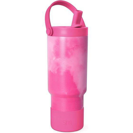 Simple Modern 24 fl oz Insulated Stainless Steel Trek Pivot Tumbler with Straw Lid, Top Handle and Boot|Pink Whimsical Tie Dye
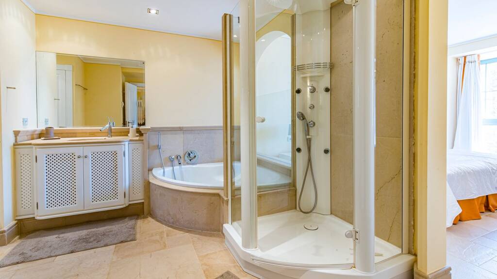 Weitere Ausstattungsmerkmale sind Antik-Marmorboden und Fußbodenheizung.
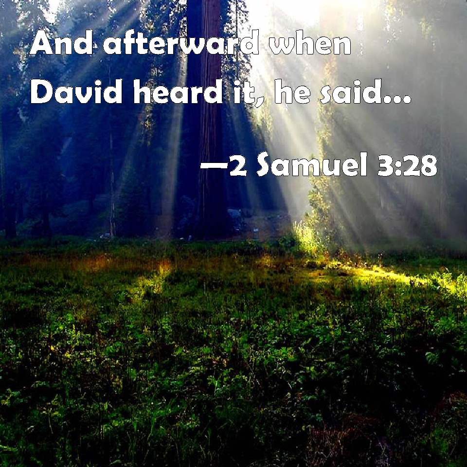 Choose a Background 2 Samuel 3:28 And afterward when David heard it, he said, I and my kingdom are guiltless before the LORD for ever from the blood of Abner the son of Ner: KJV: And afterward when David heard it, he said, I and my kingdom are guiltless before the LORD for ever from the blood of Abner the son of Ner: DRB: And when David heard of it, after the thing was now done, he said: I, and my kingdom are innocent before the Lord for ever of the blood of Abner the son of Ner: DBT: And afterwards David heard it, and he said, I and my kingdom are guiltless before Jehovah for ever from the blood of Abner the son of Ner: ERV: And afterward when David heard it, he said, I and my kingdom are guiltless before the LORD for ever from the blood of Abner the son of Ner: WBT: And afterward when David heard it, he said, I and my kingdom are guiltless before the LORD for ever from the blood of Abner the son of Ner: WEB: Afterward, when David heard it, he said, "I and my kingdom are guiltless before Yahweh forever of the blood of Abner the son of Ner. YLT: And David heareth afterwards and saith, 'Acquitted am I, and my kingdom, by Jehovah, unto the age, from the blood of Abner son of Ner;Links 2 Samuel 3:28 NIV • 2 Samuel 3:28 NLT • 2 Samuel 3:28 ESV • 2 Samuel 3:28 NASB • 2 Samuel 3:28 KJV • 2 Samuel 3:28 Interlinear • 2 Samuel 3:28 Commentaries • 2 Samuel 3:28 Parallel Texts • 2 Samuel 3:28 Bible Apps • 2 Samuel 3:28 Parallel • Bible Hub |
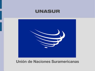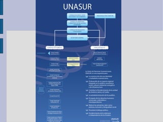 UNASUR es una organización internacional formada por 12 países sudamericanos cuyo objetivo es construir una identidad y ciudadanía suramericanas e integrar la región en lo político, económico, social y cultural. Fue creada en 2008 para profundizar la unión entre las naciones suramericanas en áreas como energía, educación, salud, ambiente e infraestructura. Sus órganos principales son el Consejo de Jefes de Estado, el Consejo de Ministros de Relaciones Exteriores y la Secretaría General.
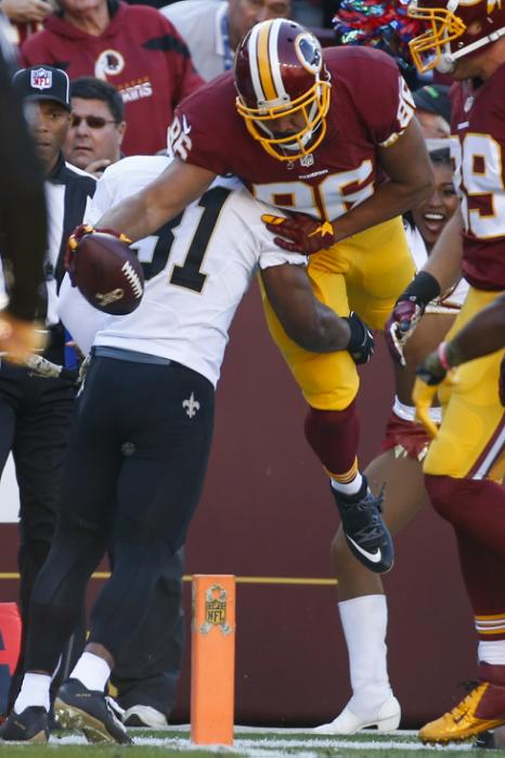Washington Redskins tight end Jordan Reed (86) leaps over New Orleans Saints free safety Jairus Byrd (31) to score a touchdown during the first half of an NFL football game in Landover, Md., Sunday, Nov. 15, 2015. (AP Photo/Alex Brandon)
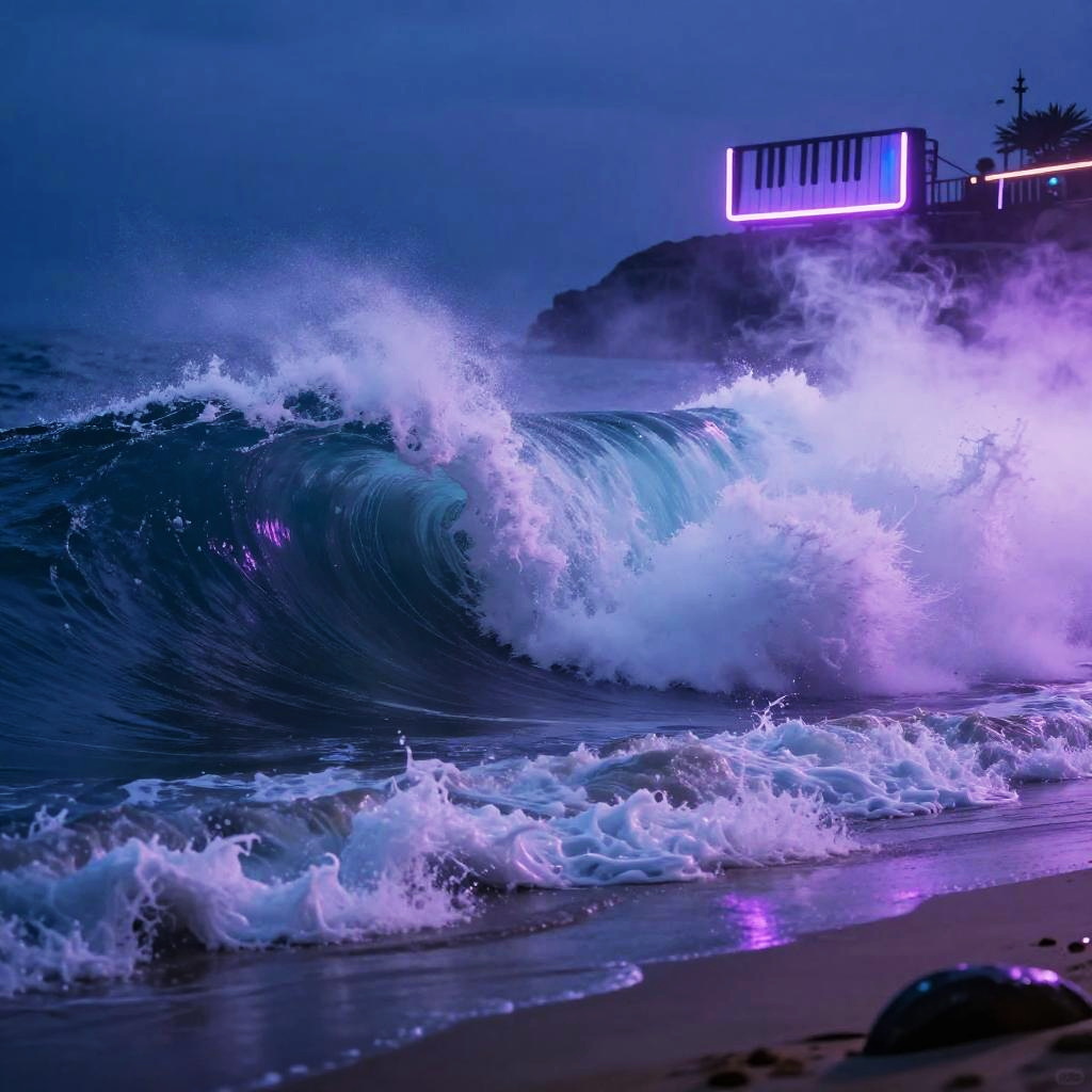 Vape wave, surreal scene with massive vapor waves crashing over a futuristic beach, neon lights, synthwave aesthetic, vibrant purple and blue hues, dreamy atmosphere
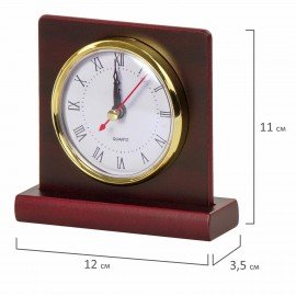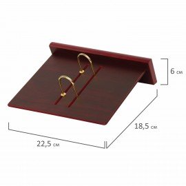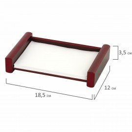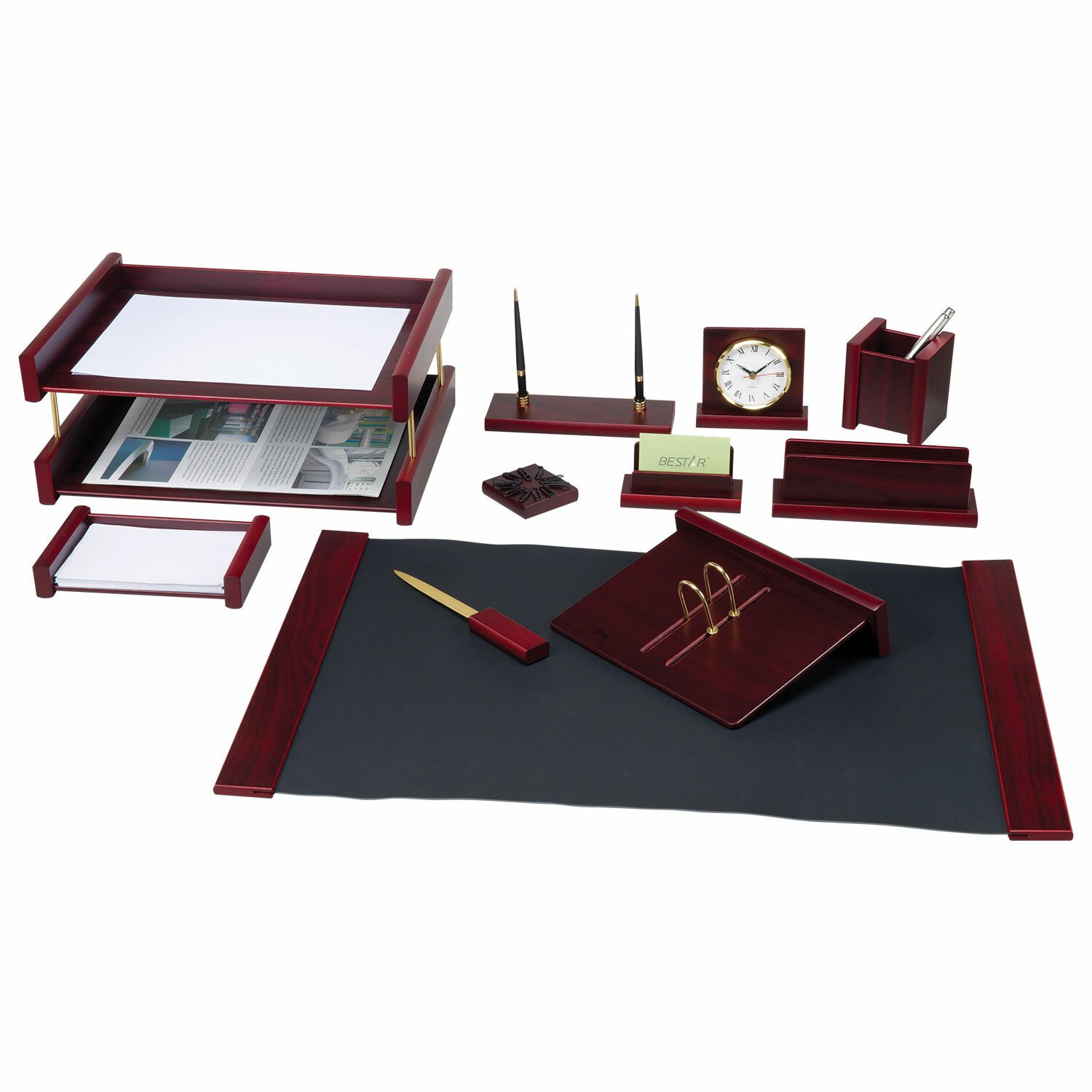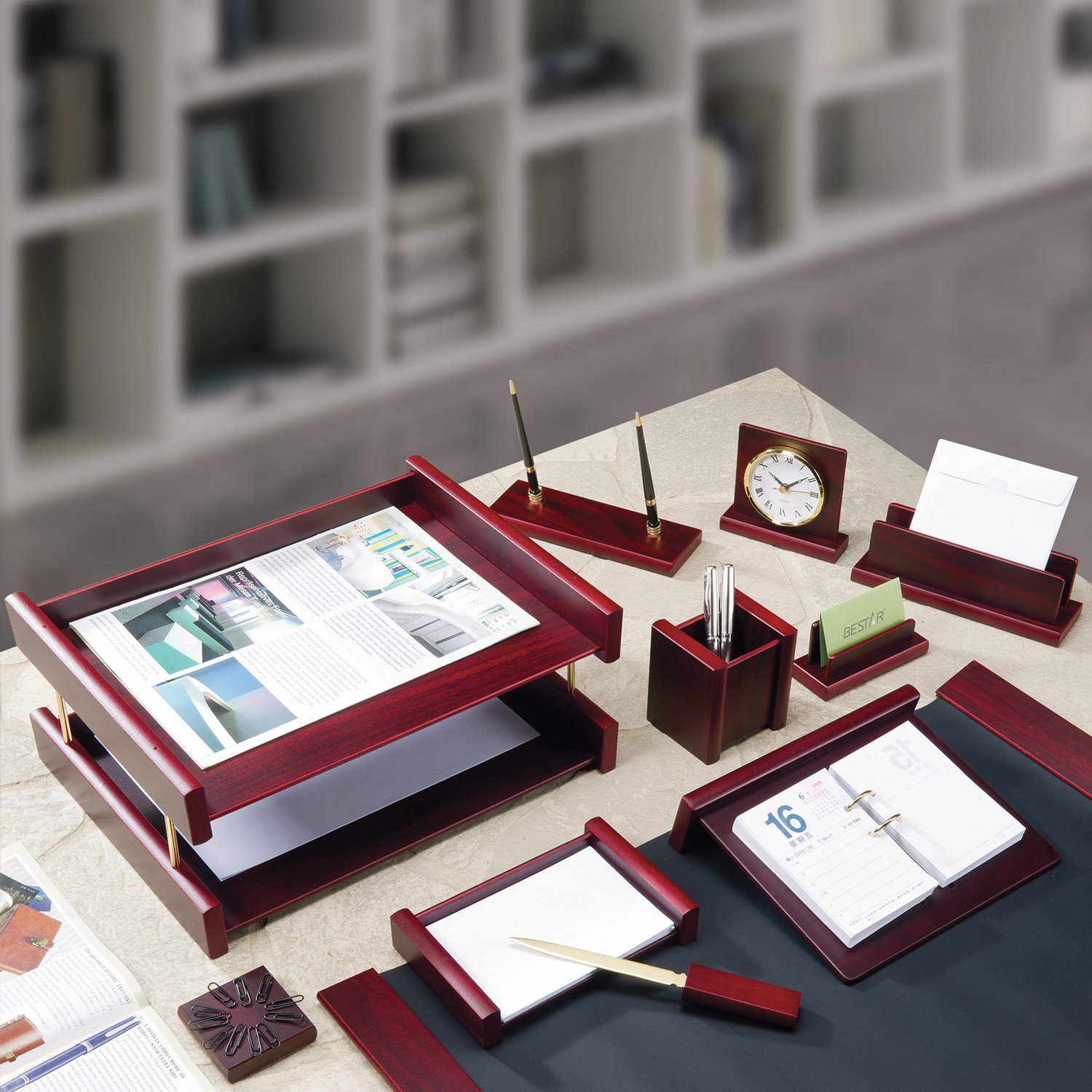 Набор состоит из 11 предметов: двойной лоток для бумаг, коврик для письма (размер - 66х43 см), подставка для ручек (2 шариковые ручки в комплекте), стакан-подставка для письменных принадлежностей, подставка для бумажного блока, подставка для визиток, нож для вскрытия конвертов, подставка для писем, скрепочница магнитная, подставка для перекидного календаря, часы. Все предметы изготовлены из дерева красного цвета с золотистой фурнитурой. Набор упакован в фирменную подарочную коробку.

• AIM OF THE EXERCISE:
Reproduce every entry word for word, but omit the pictures.

• WRITTEN ANSWER:
 Simple Modern 24 fl oz Insulated Stainless Steel Trek Pivot Tumbler with Straw Lid, Top Handle and Boot|Pink Whimsical Tie Dye
 Weitere Ausstattungsmerkmale sind Antik-Marmorboden und Fußbodenheizung.
 Choose a Background 2 Samuel 3:28 And afterward when David heard it, he said, I and my kingdom are guiltless before the LORD for ever from the blood of Abner the son of Ner: KJV: And afterward when David heard it, he said, I and my kingdom are guiltless before the LORD for ever from the blood of Abner the son of Ner: DRB: And when David heard of it, after the thing was now done, he said: I, and my kingdom are innocent before the Lord for ever of the blood of Abner the son of Ner: DBT: And afterwards David heard it, and he said, I and my kingdom are guiltless before Jehovah for ever from the blood of Abner the son of Ner: ERV: And afterward when David heard it, he said, I and my kingdom are guiltless before the LORD for ever from the blood of Abner the son of Ner: WBT: And afterward when David heard it, he said, I and my kingdom are guiltless before the LORD for ever from the blood of Abner the son of Ner: WEB: Afterward, when David heard it, he said, "I and my kingdom are guiltless before Yahweh forever of the blood of Abner the son of Ner. YLT: And David heareth afterwards and saith, 'Acquitted am I, and my kingdom, by Jehovah, unto the age, from the blood of Abner son of Ner;Links 2 Samuel 3:28 NIV • 2 Samuel 3:28 NLT • 2 Samuel 3:28 ESV • 2 Samuel 3:28 NASB • 2 Samuel 3:28 KJV • 2 Samuel 3:28 Interlinear • 2 Samuel 3:28 Commentaries • 2 Samuel 3:28 Parallel Texts • 2 Samuel 3:28 Bible Apps • 2 Samuel 3:28 Parallel • Bible Hub |
 UNASUR es una organización internacional formada por 12 países sudamericanos cuyo objetivo es construir una identidad y ciudadanía suramericanas e integrar la región en lo político, económico, social y cultural. Fue creada en 2008 para profundizar la unión entre las naciones suramericanas en áreas como energía, educación, salud, ambiente e infraestructura. Sus órganos principales son el Consejo de Jefes de Estado, el Consejo de Ministros de Relaciones Exteriores y la Secretaría General.
Washington Redskins tight end Jordan Reed (86) leaps over New Orleans Saints free safety Jairus Byrd (31) to score a touchdown during the first half of an NFL football game in Landover, Md., Sunday, Nov. 15, 2015. (AP Photo/Alex Brandon)
 Vape wave, surreal scene with massive vapor waves crashing over a futuristic beach, neon lights, synthwave aesthetic, vibrant purple and blue hues, dreamy atmosphere
 Набор состоит из 11 предметов: двойной лоток для бумаг, коврик для письма (размер - 66х43 см), подставка для ручек (2 шариковые ручки в комплекте), стакан-подставка для письменных принадлежностей, подставка для бумажного блока, подставка для визиток, нож для вскрытия конвертов, подставка для писем, скрепочница магнитная, подставка для перекидного календаря, часы. Все предметы изготовлены из дерева красного цвета с золотистой фурнитурой. Набор упакован в фирменную подарочную коробку.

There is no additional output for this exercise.